Due to the remarkable advantages of wavelet transformation, this technique is now very common in gravity analysis. In this research the Green’s function occurring in the Poisson potential field theory is used to construct non-orthogonal, non-compact, continuous wavelets. This kind of wavelet is directly corresponded to upward continuation procedure. Simple geometrical forward models such as Sphere, Vertical and Horizontal Cylinder, Thin sheet and Vertical sheet are applied as forward models. First, analytical wavelet transform of the models is calculated, and then the amplitude and the location of the maximum of the product is applied as a new mathematical model (forward model).

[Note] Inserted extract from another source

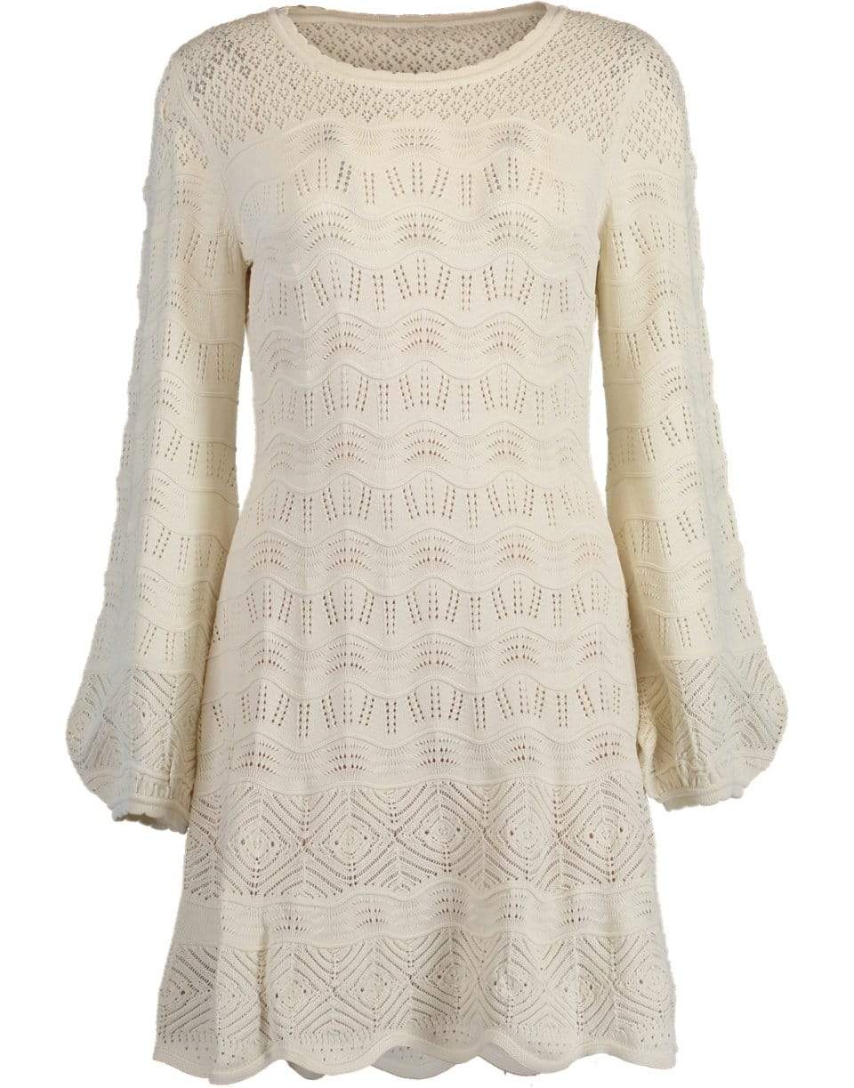 Fully-lined Twinset knit slim dress with long sleeves, round neck, slipover style, and a short length.
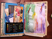 Now if I've filched the Blogger links and recoded them correctly, this post should show three pics from my summer art journal. I've gotten back into sketching, drawing, painting and collaging in a small way, mainly to refine my motor skills now that I've got more control over my alternate index finger (aka my middle finger -- arthritis has toasted the joints of my official index finger.)I've also missed my journaling art. I love to sew, and quilting will likely be my primary art-for-fun forever, but sometimes I need a break from the needlework. Having an art journal allows me to play with color and ideas, and express my POV in interesting ways. Over the years I've also collected a massive amount of images, interesting papers, and recycled materials, and working them into art makes me happy while being green. I've also missed painting watercolors, terrible as mine always tend to turn out. It's not the final product that really matters anyway for me; it's the making of it.

The new models have a mathematical relation with the source parameters such as depth and shape of anomaly. However, because of being normal the forward models do not have any relation with the physical parameter of density contrast.
In order to examine the accuracy, precision, behavior and application of the offered method, the synthetic data for both noisy and noise-free data, has been applied. Subsequently, considering the applicability and expansion of the method for applied goals, some suitable real datasets have been used. For the purpose of gathering data and testing the algorithm, two sources of data were accessible: Institute of Geophysics University of Tehran and the National Iranian Oil Company. Formal permission was granted by both institutions. The outcome of this process was compared with the result of other established classical methods. The parameter of depth estimated by both methods is very close (about 400m difference for the depth of about 3.5km).
After careful assessment, it became evident that results obtained from these comparisons are beneficial and useful. Real data are separated into regional and local signals using discrete wavelet analysis. The maximum points of wavelet transforms (worn diagrams) are also applied to interpret the depth of the anomaly compared to adjacent anomalies.
The result obtained by inverting the data using the parameter of amplitude has less standard deviation compared to the location of the MSE, and is believed to be more accurate. It is observed that adding noise causes higher standard deviation; however after adding 20 percent noise in synthetic data, less than 6% error occurred in the parameter of depth (still yields good results) which shows remarkable stability against noise.